§ **WORK INSTRUCTIONS**
Give the listing back in full, exactly as written, with the pictures removed.

§ **GIVEN MATERIAL**
···
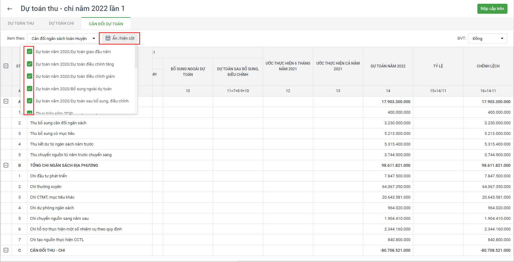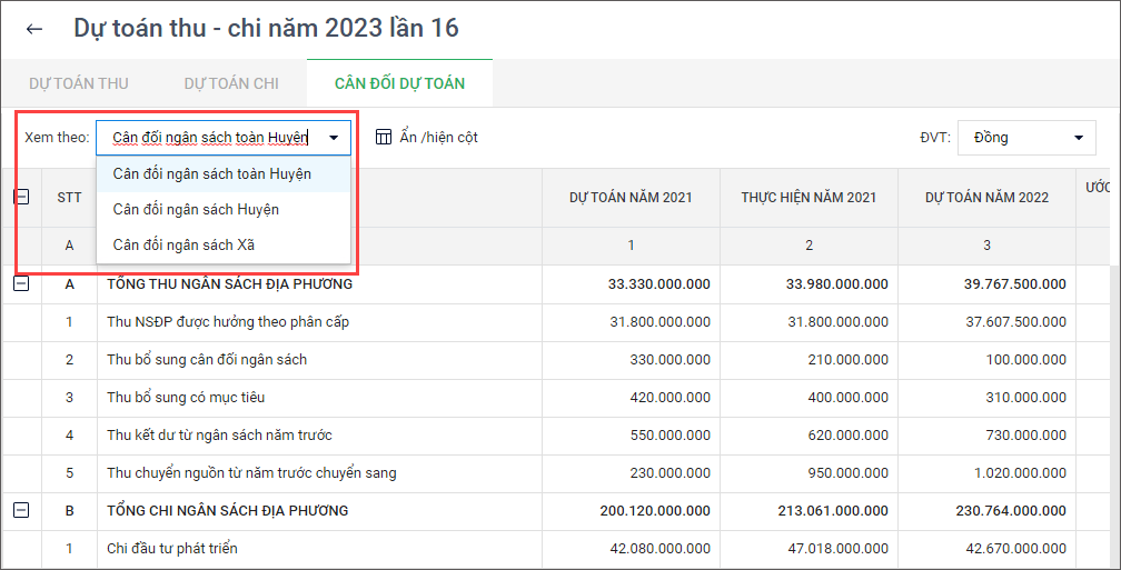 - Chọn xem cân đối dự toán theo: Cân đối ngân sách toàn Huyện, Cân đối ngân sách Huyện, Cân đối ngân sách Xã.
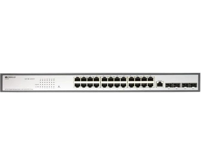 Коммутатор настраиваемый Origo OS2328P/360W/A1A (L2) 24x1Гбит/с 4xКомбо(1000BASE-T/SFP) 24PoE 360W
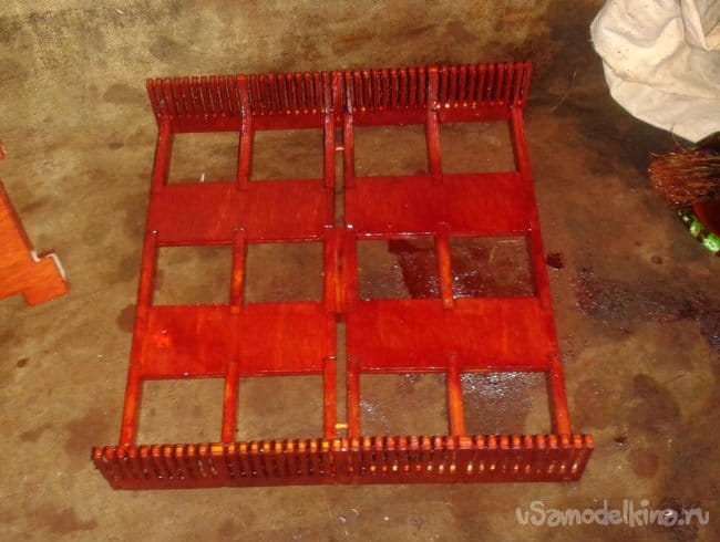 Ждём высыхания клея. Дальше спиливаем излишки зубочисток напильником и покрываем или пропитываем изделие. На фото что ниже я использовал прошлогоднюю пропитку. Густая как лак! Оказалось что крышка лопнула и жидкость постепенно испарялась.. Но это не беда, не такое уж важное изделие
···
§ **TASK RESPONSE**
 - Chọn xem cân đối dự toán theo: Cân đối ngân sách toàn Huyện, Cân đối ngân sách Huyện, Cân đối ngân sách Xã.
 Коммутатор настраиваемый Origo OS2328P/360W/A1A (L2) 24x1Гбит/с 4xКомбо(1000BASE-T/SFP) 24PoE 360W
 Ждём высыхания клея. Дальше спиливаем излишки зубочисток напильником и покрываем или пропитываем изделие. На фото что ниже я использовал прошлогоднюю пропитку. Густая как лак! Оказалось что крышка лопнула и жидкость постепенно испарялась.. Но это не беда, не такое уж важное изделие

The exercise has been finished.